Where this meets ProEA

A copilot enforces rules — which means it needs rules it can actually read, and that's the quiet argument for owning source over renting a black box. A closed EA can't easily tell your copilot what it assumes, how it sizes, when it should stop, or what counts as a violation; readable source can. With MTR you can hand the copilot the real logic and risk rules, ask it to summarize the sizing layer, check whether a proposed setting violates the plan, and review trades against the system's own rules. That doesn't make MTR profitable, and it doesn't make any system safe — the copilot makes you more consistent with the process you chose, and MTR can lose. Inspectable rules plus a copilot to enforce them beat a black box you must trust and a discipline you don't have.

Does it claim to know the market, or does it help you follow your own plan?

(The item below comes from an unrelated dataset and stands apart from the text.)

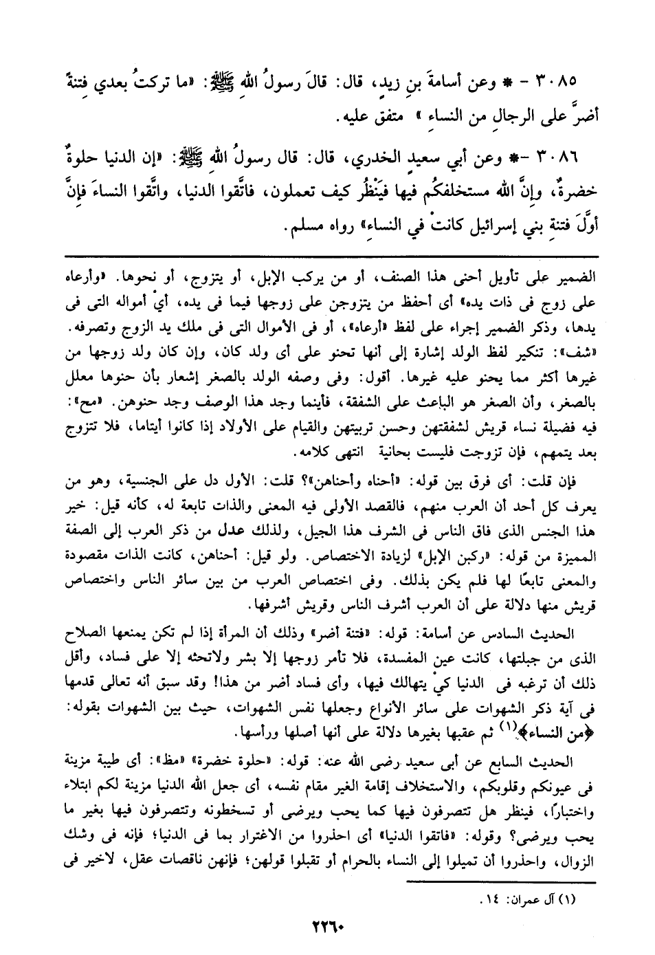 3085 - وعن أسامة بن زيد، قال: قال رسول الله صلى الله عليه وسلم: ((ما تركت بعدي فتنة أضر علي الرجال من النساء)) متفق عليه.

Ask that of any "AI trading" product. Only one of those answers is real.

Disclosure

We sell source and evidence you can inspect — not outcomes, not guarantees. An AI copilot does not predict markets, generate edge, or guarantee profit; it enforces the rules you give it and structures your data. Large language models can be wrong, can be overly agreeable, can misread numbers, and can treat bad inputs as true unless instructed otherwise — use a copilot as a skeptical second opinion, not an oracle, and never let it place trades, invent signals, or override your risk controls. Garbage in, garbage out: a copilot built on a losing process will faithfully run a losing process. Trading is risky, leverage magnifies risk, and past performance is not future performance. The copilot's only promise is consistency with a plan you chose — which is valuable, and is not the same as winning.

Your first 20 minutes

Open a Claude Project or a custom GPT. Paste the constitution and fill it with your real rules — noticing every bracket you can't complete, because that blank is a hole in your trading. Upload your journal. Then red-team your last trade and read the verdict without arguing. You'll have built, in twenty minutes and for free, the one thing a lone trader almost never has: someone in the room who knows the rules and isn't afraid to tell you you're breaking them.

The one line to take with you

You don't need a smarter strategy or a magic AI. You need to follow the rules you already claim to have — so build the thing that makes you. The best AI in trading isn't the one that predicts the market. It's the one that predicts you — and stops you.